I sucked in my breath and headed toward the plane.

Chapter 90

The inside of the Cessna was as tight as a coffin. And less comfortable, I thought, trying to squeeze my long legs underneath the sharp console on the front passenger side. It didn’t help that Meyer cuffed my wrists before strapping me tightly into my seat with a lap belt and shoulder harness.

I stared at the bewildering array of complicated-looking gauges and buttons on the huge dashboard. But Meyer’s fingers moved across them with assurance. The propellers seemed to scream more loudly as he pushed forward one of six floor-mounted levers. Then he brought the one next to it up as well, and we started slowly moving.

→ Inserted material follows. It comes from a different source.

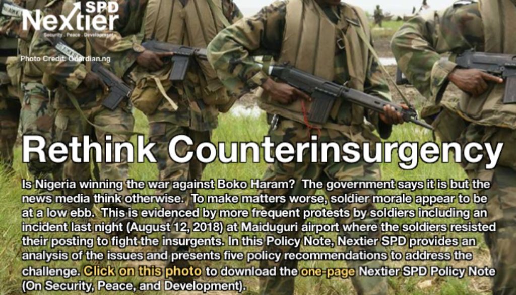 After 9 years of fierce battle to eliminate the insurgent activities of Boko Haram terrorists in the North-East region, Nigeria’s counter-insurgency strategies seems to be in a constant fluctuation mode.  Gains made in countering the insurgency are erased in a day or two. The August 13, 2018, Nextier SPD Policy Note reviews this development and offers policy advice on what should be done by the Nigerian government if the war must be won.

We were making the turn onto the runway when we saw the fire truck – humongous, bright yellow, lights and siren blazing as it barreled down the middle of the runway to block our path. I recognized it as the Port Authority’s Aircraft Rescue and Firefighting Unit. What was their nickname again? Something and Hoses?

A blistering spray of automatic rifle fire suddenly bloomed from one of the truck’s side windows, and the tarmac in front of us exploded with puffs from the warning shots.

Holy crap! Guns and Hoses, that was it. Those guys were a crazy hybrid of firemen and cops who dealt with both plane crashes and hijackings.

Aim for the pilot! I mentally messaged them, scrunching down in my seat as far as I could.

Although at this point, I was willing to get shot if it meant finally stopping Meyer.

He did something with the foot pedals, and we made a quick U-turn back onto the taxiway. Then he jammed the throttle level up as far as it would go, and we were suddenly rocketing down the lane, dangerously close to the row of hangars.

My breath stopped when I saw the deicing truck that was parked squarely in our way. There was no chance we could miss it. At that speed, trying to turn the plane would have sent it into a violent, out-of-control spin.

Silently I said my last prayer as we raced forward to ram it broadside.